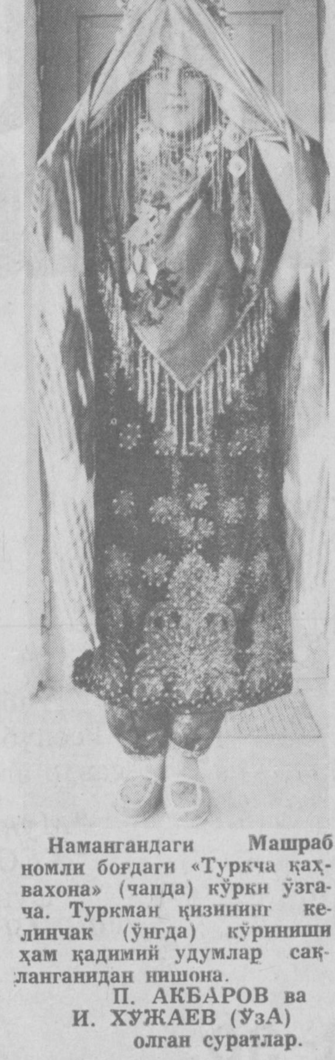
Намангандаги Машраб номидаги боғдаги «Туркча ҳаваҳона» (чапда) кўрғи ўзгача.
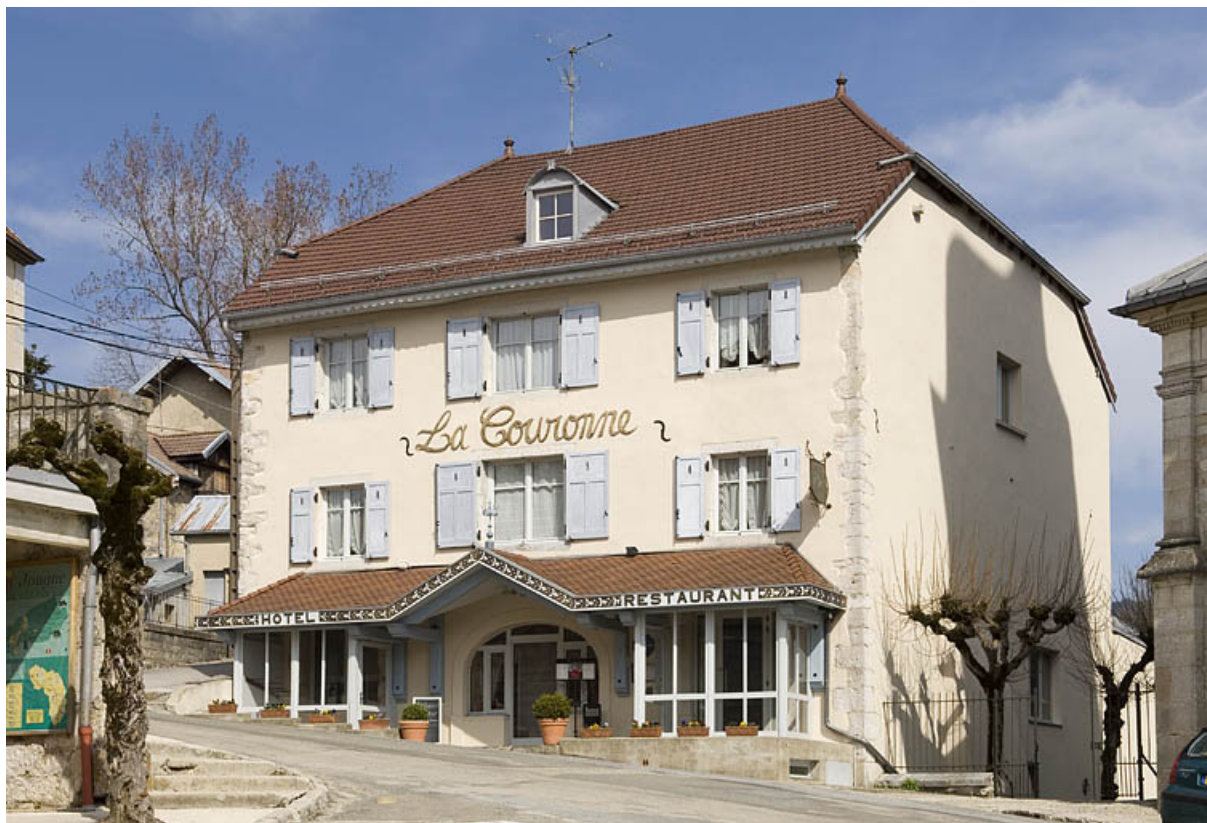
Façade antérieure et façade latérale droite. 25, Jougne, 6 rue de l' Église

==

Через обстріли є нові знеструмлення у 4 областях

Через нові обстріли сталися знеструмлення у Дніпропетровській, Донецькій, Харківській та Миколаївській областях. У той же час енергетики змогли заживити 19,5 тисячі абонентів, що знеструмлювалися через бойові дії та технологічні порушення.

==

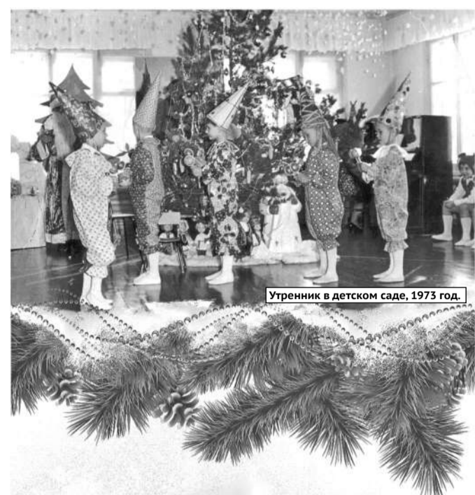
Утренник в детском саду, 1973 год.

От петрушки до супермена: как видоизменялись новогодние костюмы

Work request:
Could you set down, exactly as written, the lines above between the one holding "Через обстріли є" and the one holding "Через нові обстріли", inclusive, and nothing more?

The completed task:
Через обстріли є нові знеструмлення у 4 областях

Через нові обстріли сталися знеструмлення у Дніпропетровській, Донецькій, Харківській та Миколаївській областях. У той же час енергетики змогли заживити 19,5 тисячі абонентів, що знеструмлювалися через бойові дії та технологічні порушення.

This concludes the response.